Op/Ed

Jessie Raymond: Summer and the fear of sleeping in

I am what some people would describe as a “morning person.”
That’s a stretch.
The phrase implies that I wake up early, spring out of bed and immediately begin singing, relishing another day on this beautiful planet while scrubbing the baseboards with a toothbrush.
It’s true that I wake up early, but that’s as far as it goes. I spend most of my first hour blinking at the kitchen walls, trying to recall where we keep the coffeemaker. I get up early not because I’m eager to do things, but because I need the lead time; it takes me a good half-hour to remember what day it is.
I cemented my early-rising habit when the kids were little, as a defense mechanism. I felt I needed to get up before they did to be prepared to carry on philosophical conversations the moment their eyes snapped open. If you’d ever had a three-year-old with a speech impediment start his day by asking you to weigh in on whether a giraffe could fly if it had wings, and whether it would be called “Pegasus” or something else, you’d understand.
The idea, true or not, that getting up early somehow makes me better prepared to face the day has stuck with me. But at this time of year, as we march toward the summer solstice, I struggle. I rarely sleep past six, even in deep winter, and now that it’s getting light by five, I feel like I’m oversleeping. I crave the cover of darkness to give me a block of much-needed unproductive time.
When the sun is up before I’ve had my coffee, I get the nagging sense that I’m late, though I can’t articulate what for. Rather than slump at the kitchen table and wait for my brain to uncrumple naturally, I find myself pressed to catch up with the day, even if it hasn’t technically begun.

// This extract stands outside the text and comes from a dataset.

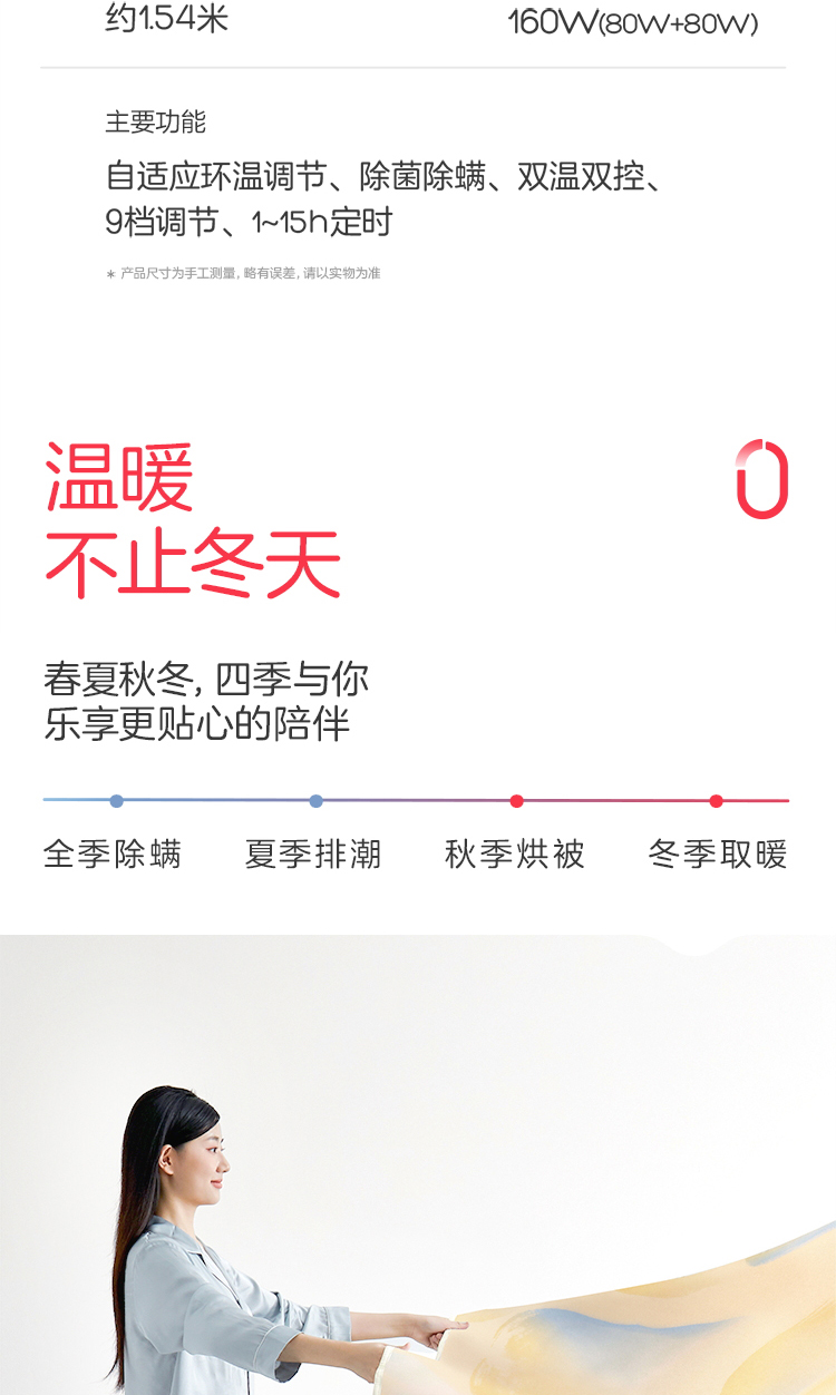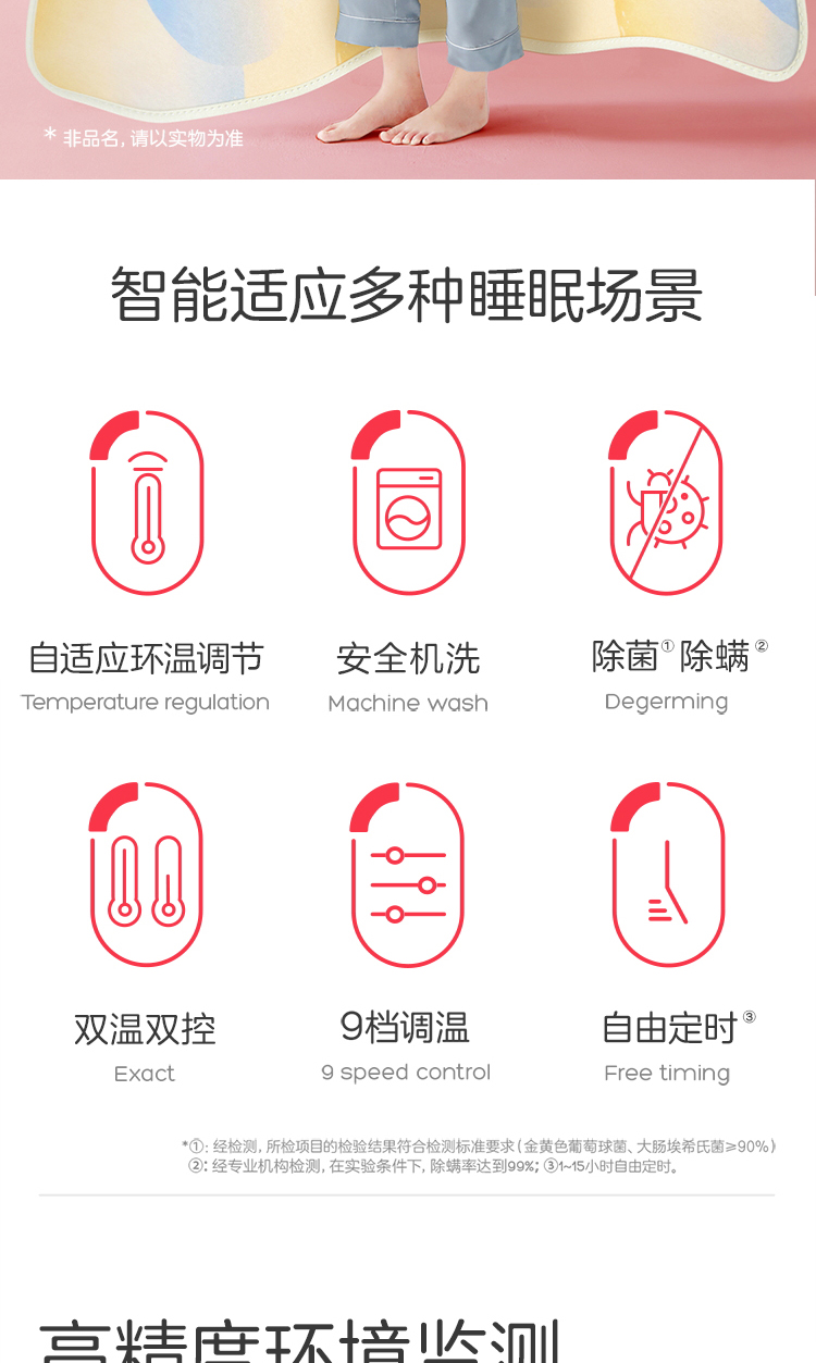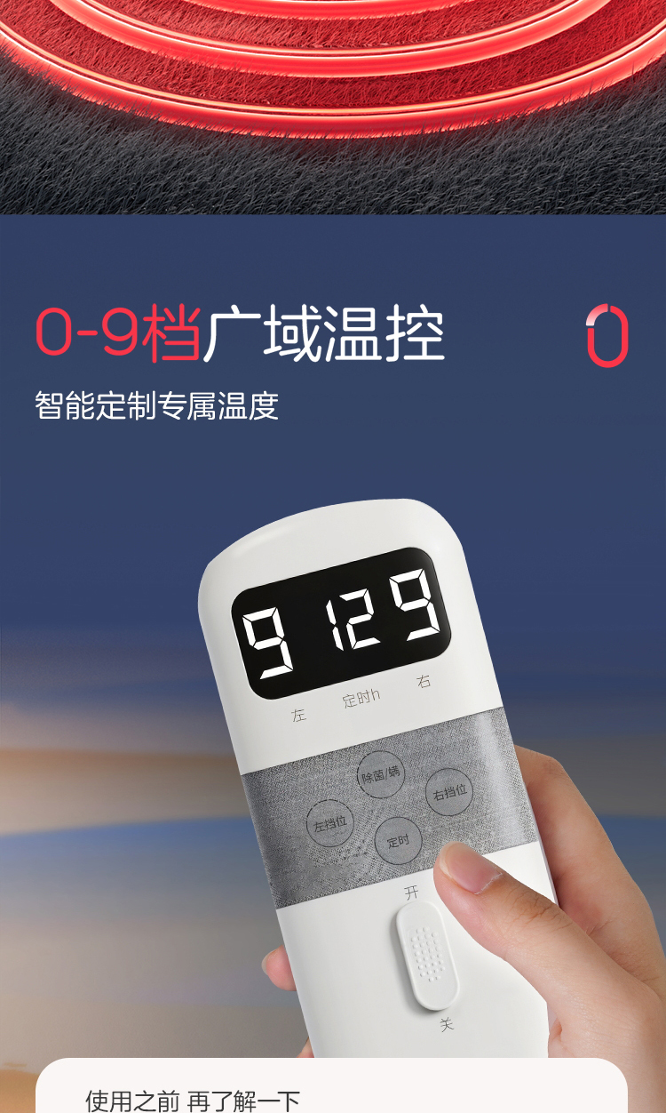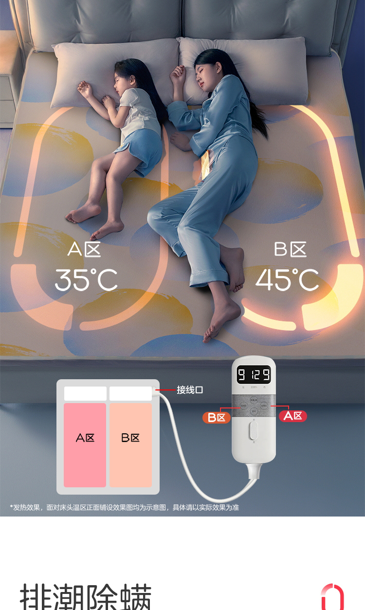 彩虹全线路安全保护双控双温电热毯(印花+可水洗+9档双控)1855

And on the rare occasions when I convince myself that sleeping until seven on a Saturday will not ruin my weekend, I’m generally proven wrong.

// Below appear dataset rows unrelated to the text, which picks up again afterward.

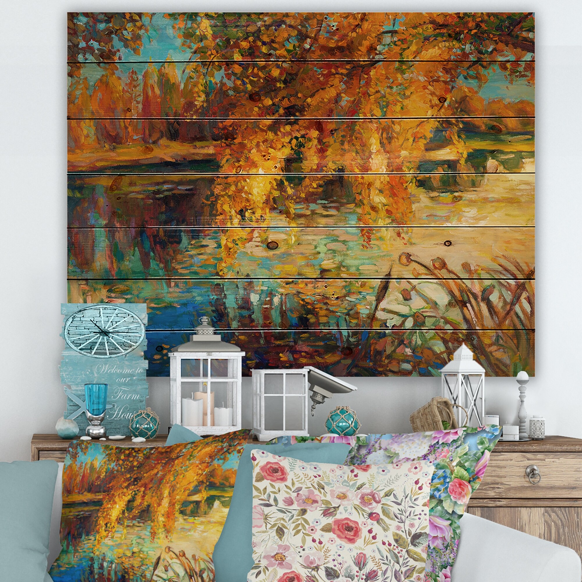 Designart 'Orange Autumn Forest' Lake House Print on Natural Pine Wood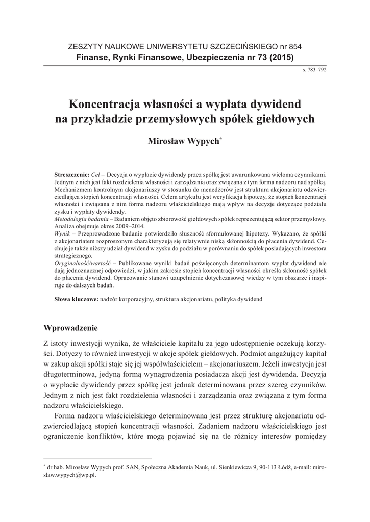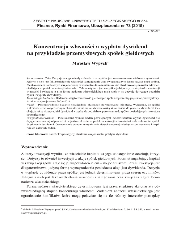 ZESZYTY NAUKOWE UNIWERSYTETU SZCZECIŃSKIEGO nr 854 Finanse, Rynki Finansowe, Ubezpieczenia nr 73 (2015) s. 783–792 Koncentracja własności a wypłata dywidend na przykładzie przemysłowych spółek giełdowych Mirosław Wypych* Streszczenie: Cel – Decyzja o wypłacie dywidendy przez spółkę jest uwarunkowana wieloma czynnikami. Jednym z nich jest fakt rozdzielenia własności i zarządzania oraz związana z tym forma nadzoru nad spółką. Mechanizmem kontrolnym akcjonariuszy w stosunku do menedżerów jest struktura akcjonariatu odzwierciedlająca stopień koncentracji własności. Celem artykułu jest weryfikacja hipotezy, że stopień koncentracji własności i związana z nim forma nadzoru właścicielskiego mają wpływ na decyzje dotyczące podziału zysku i wypłaty dywidendy. Metodologia badania – Badaniem objęto zbiorowość giełdowych spółek reprezentującą sektor przemysłowy. Analiza obejmuje okres 2009–2014. Wynik – Przeprowadzone badanie potwierdziło słuszność sformułowanej hipotezy. Wykazano, że spółki z akcjonariatem rozproszonym charakteryzują się relatywnie niską skłonnością do płacenia dywidend. Cechuje je także niższy udział dywidend w zysku do podziału w porównaniu do spółek posiadających inwestora strategicznego. Oryginalność/wartość – Publikowane wyniki badań poświęconych determinantom wypłat dywidend nie dają jednoznacznej odpowiedzi, w jakim zakresie stopień koncentracji własności określa skłonność spółek do płacenia dywidend. Opracowanie stanowi uzupełnienie dotychczasowej wiedzy w tym obszarze i inspiruje do dalszych badań. Słowa kluczowe: nadzór korporacyjny, struktura akcjonariatu, polityka dywidend Wprowadzenie Z istoty inwestycji wynika, że właściciele kapitału za jego udostępnienie oczekują korzyści. Dotyczy to również inwestycji w akcje spółek giełdowych. Podmiot angażujący kapitał w zakup akcji spółki staje się jej współwłaścicielem – akcjonariuszem. Jeżeli inwestycja jest długoterminowa, jedyną formą wynagrodzenia posiadacza akcji jest dywidenda. Decyzja o wypłacie dywidendy przez spółkę jest jednak determinowana przez szereg czynników. Jednym z nich jest fakt rozdzielenia własności i zarządzania oraz związana z tym forma nadzoru właścicielskiego. Forma nadzoru właścicielskiego determinowana jest przez strukturę akcjonariatu odzwierciedlającą stopień koncentracji własności. Zadaniem nadzoru właścicielskiego jest ograniczenie konfliktów, które mogą pojawiać się na tle różnicy interesów pomiędzy * dr hab. Mirosław Wypych prof. SAN, Społeczna Akademia Nauk, ul. Sienkiewicza 9, 90-113 Łódź, e-mail: [email protected]. 784 Mirosław Wypych dawcami kapitału a kadrą zarządzającą. Odnosi się to między innymi do podziału zysku i decyzji o wypłacie dywidendy. Wypłata dywidendy dla akcjonariusza jest korzyścią, ale dla spółki stanowi koszt – uszczerbek kapitału. Menedżerowie mogą być zainteresowani zatrzymaniem zysku i przeznaczeniem go na cele inwestycyjne. Można postawić hipotezę, że stopień koncentracji własności i związana z nim forma nadzoru właścicielskiego mają wpływ na decyzje dotyczące podziału zysku i wypłaty dywidendy. W celu weryfikacji tak sformułowanej hipotezy dokonano analizy wypłat dywidend przez spółki giełdowe reprezentujące sektor przemysłu. Badaniem objęto 108 spółek, których akcje notowane były na giełdzie w latach 2009–2014. 1. Koncentracja własności jako mechanizm nadzoru korporacyjnego Spółka akcyjna jest uznawana za najbardziej typową formę organizacyjno-prawną przedsiębiorstw w gospodarce rynkowej. Jedną z fundamentalnych cech spółki akcyjnej jest rozdzielenie własności i zarządzania. Zarządzaniem zajmują się menedżerowie, którzy są upoważnieni przez właścicieli do podejmowania decyzji zarówno bieżących, jak i strategicznych związanych z funkcjonowaniem spółki. Konsekwencją oddzielenia zarządzania od własności jest jednak możliwość powstania konfliktów między menedżerami a akcjonariuszami. Na tym tle pojawił się problem sprawowania kontroli nad działalnością zarządu, służącej dbałości o przetrwanie i rozwój spółki oraz zapewnienia realizacji podstawowego celu przedsiębiorstwa, jakim jest maksymalizacja zwrotu z zainwestowanego przez właścicieli kapitału. Problem ten powszechnie prezentowany jest w literaturze jako nadzór właścicielski. Pod pojęciem nadzoru właścicielskiego rozumie się sposób egzekwowania praw własnościowych w relacji między akcjonariuszami a zarządem sprawowany przez właściciela lub grupę właścicieli. Pojęciem zbliżonym do nadzoru właścicielskiego jest nadzór korporacyjny, który obejmuje także formalną i nieformalną strukturę wpływów na najważniejsze decyzje podejmowane przez menedżerów (Zalega 2003). Mechanizmem kontrolnym akcjonariuszy w stosunku do menedżerów jest struktura akcjonariatu, odzwierciedlająca możliwość ingerencji akcjonariuszy w zachowanie kadry zarządzającej. Należy w tym miejscu zaznaczyć, że prawa z akcji w świetle teorii własności są prawami ułomnymi. Ułomność praw z akcji polega na tym, że nie gwarantują one kontroli nad sposobem wykorzystania powierzonego spółce kapitału (Jeżak 2004). Tak jak spółka jest w istocie instytucją, która sprzedaje obietnice przyszłych zysków, tak akcjonariusze są dawcami kapitału oraz właścicielami posiadanych akcji, ale nie są właścicielami przedsiębiorstwa prowadzonego przez spółkę. Delegowanie władzy i decyzji w zakresie zarządzania kapitałem na rzecz menedżerów jest konieczne z uwagi na różnorodność i złożoność decyzji zarządczych. Ale nie oznacza to, że właścicielami spółki stają się menedżerowie. To struktura akcjonariatu decyduje, w jakim zakresie akcjonariusze mogą nadzorować menedżerów. Koncentracja własności a wypłata dywidend n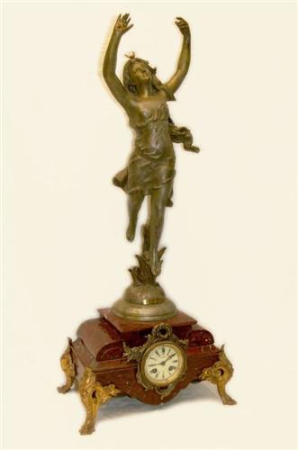Pendule de cheminée en marbre et régule représentant la nuit, en bon état, env. 1900
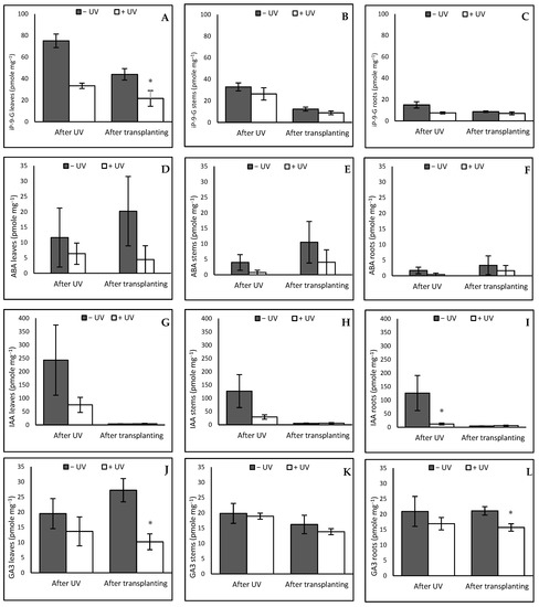 In the graphs are represented the level of hormones IPG9 (A–C), ABA (D–F), IAA (G–I) and GA3 (J–L). Hormones were measured respectively in the leaves (graphs on the left), in the stems (graphs in the middle) and in the roots (graphs on the right). Asterisks indicate a significant difference between the UV treatments with p < 0.05 (*).

Take, for instance, the last time I “slept in.” A police cruiser pulled into the driveway just after sunrise, causing the dog to bark himself into a nervous breakdown and making Mark and me bolt outside in a panic, blearily confessing to whatever crimes the officers were about to charge us with. (It turned out the cows had escaped and were wandering in the road. We weren’t even brought in for questioning.)
I lack the enthusiasm, the optimism, the joie de vivre of a true morning person. The last thing I want to be — or to encounter — is the type who starts off the day by skipping into the kitchen fully dressed, saying things like, “Looks like it’s gonna be a scorcher today!” or “Who wants waffles?”
Morning is for solitude and, if not quiet self-reflection, at least quiet.
Of course, with early rising comes early retiring. My night-owl friends, whom I rarely see before noon, think of me only as “the boring one who falls asleep during movies.”
My antisocial bedtime is especially noticeable during the long days of summer. We have a firepit in our backyard, for example, and every spring I picture us spending many moonlit summer nights out there, talking with friends and staring into the dancing fire.
I always forget one thing: In the summer, by the time the light is fading, so am I.
It’s easier in the winter. By 8:30, it’s been dark for hours. If I did, hypothetically, choose to crawl into bed that early, who would know or care? In summer, however, 8:30 is barely dinnertime.
It’s appalling.
Over the years, though, I’ve learned to accept that our internal clocks are all different. And even though I shudder at the idea that some people might not roll out of bed until nine or even 10 on a weekend — can you imagine? — I don’t judge. In fact, I’m glad that most people don’t go to bed or get up as early as I do.
Some of my favorite people are the ones who stay up until all hours. While I might miss a few fun nights with them around the campfire, I love knowing they will never burst into my kitchen at 6 a.m. and demand that we make waffles.